Generative machine
learning models have become widely adopted in
drug discovery and other fields to produce new molecules and explore
molecular space, with the goal of discovering novel compounds with
optimized properties. These generative models are frequently combined
with transfer learning or scoring of the physicochemical properties
to steer generative design, yet often, they are not capable of addressing
a wide variety of potential problems, as well as converge into similar
molecular space when combined with a scoring function for the desired
properties. In addition, these generated compounds may not be synthetically
feasible, reducing their capabilities and limiting their usefulness
in real-world scenarios. Here, we introduce a suite of automated tools
called MegaSyn representing three components: a new hill-climb algorithm,
which makes use of SMILES-based recurrent neural network (RNN) generative
models, analog generation software, and retrosynthetic analysis coupled
with fragment analysis to score molecules for their synthetic feasibility.

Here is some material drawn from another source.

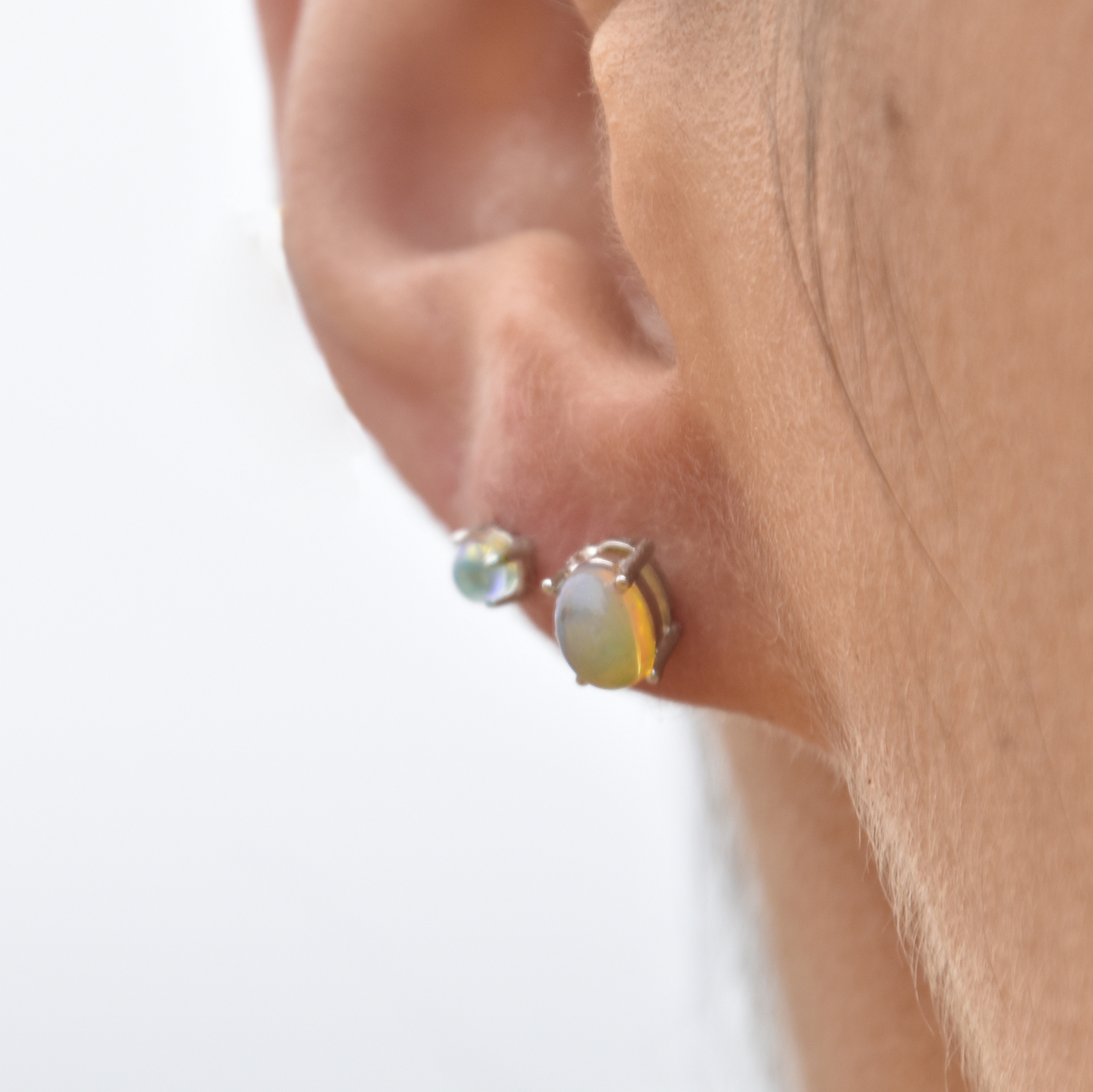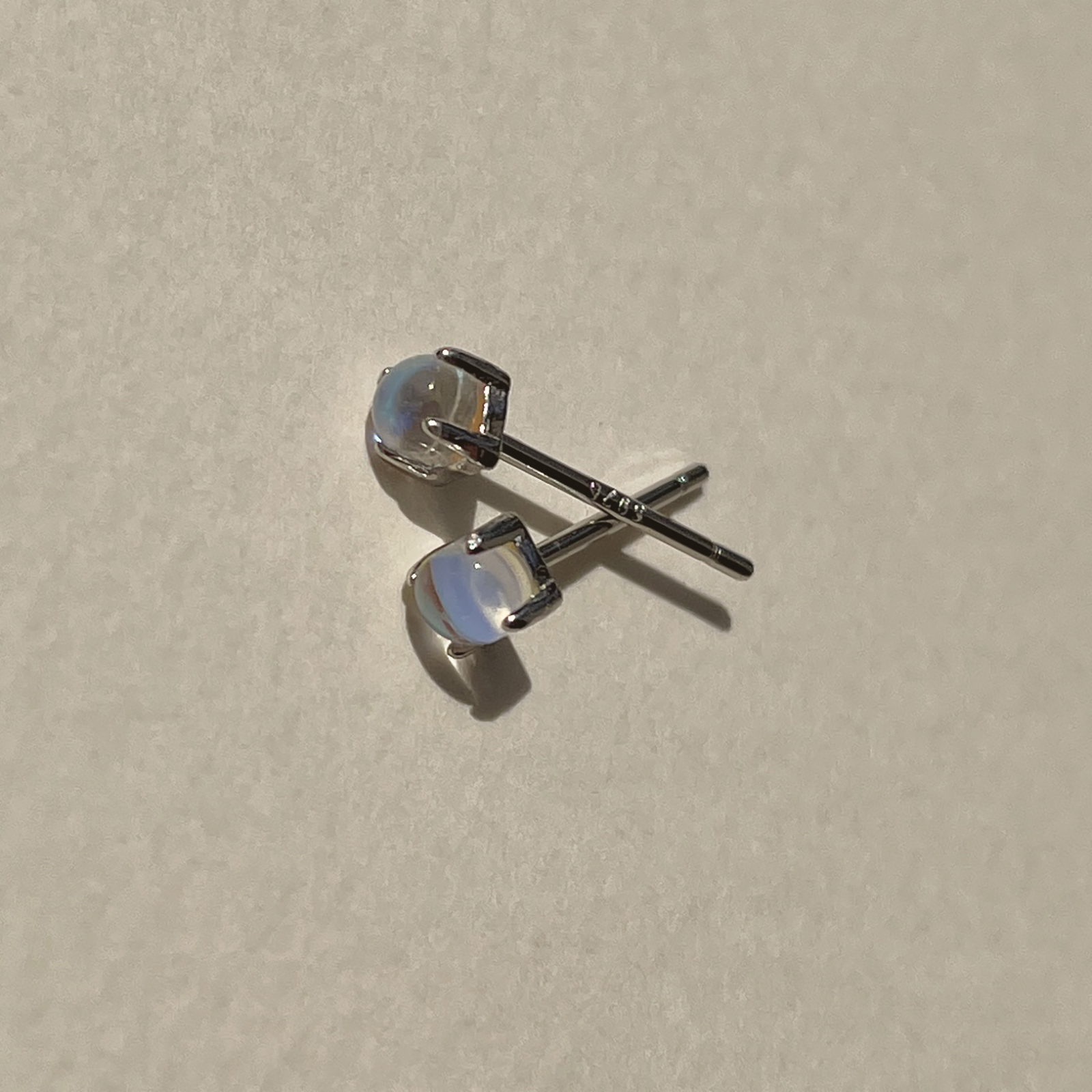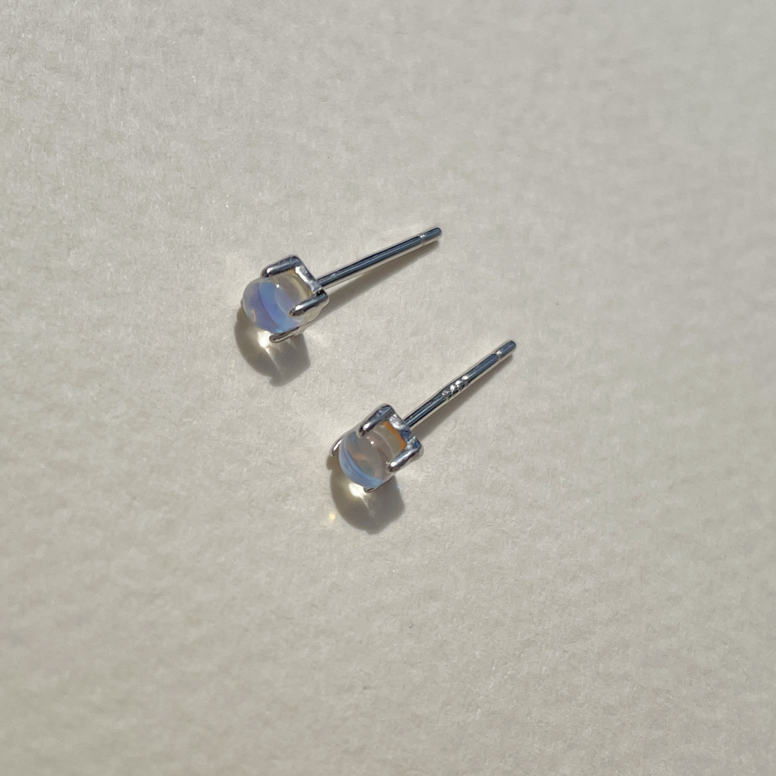 Simple, classy and versatile for styling. Introducing Dawn Dainty Moon Opal Stud Earrings - a succinct and delicate ear stud for women and girls of all ages. This design features dainty solid round moon opals with a clear aqua tone, embedded in a claw setting. Watch the mesmerising range of blue hues as sunlight refracts on different angles. The earrings are made of solid sterling silver for hypoallergenic wear. Suitable for women and girls of all ages. Perfect for dainty, chic, feminine, minimalist, earring layering, smart casual, causal, everyday styles and more. Hypoallergenic, nickel, cadmium and lead free.

We show that by deconstructing the targeted molecules and focusing
on substructures, combined with an ensemble of generative models,
MegaSyn generally performs well for the specific tasks of generating
new scaffolds as well as targeted analogs, which are likely synthesizable
and druglike. We now describe the development, benchmarking, and testing
of this suite of tools and propose how they might be used to optimize
molecules or prioritize promising lead compounds using these RNN examples
provided by multiple test case examples.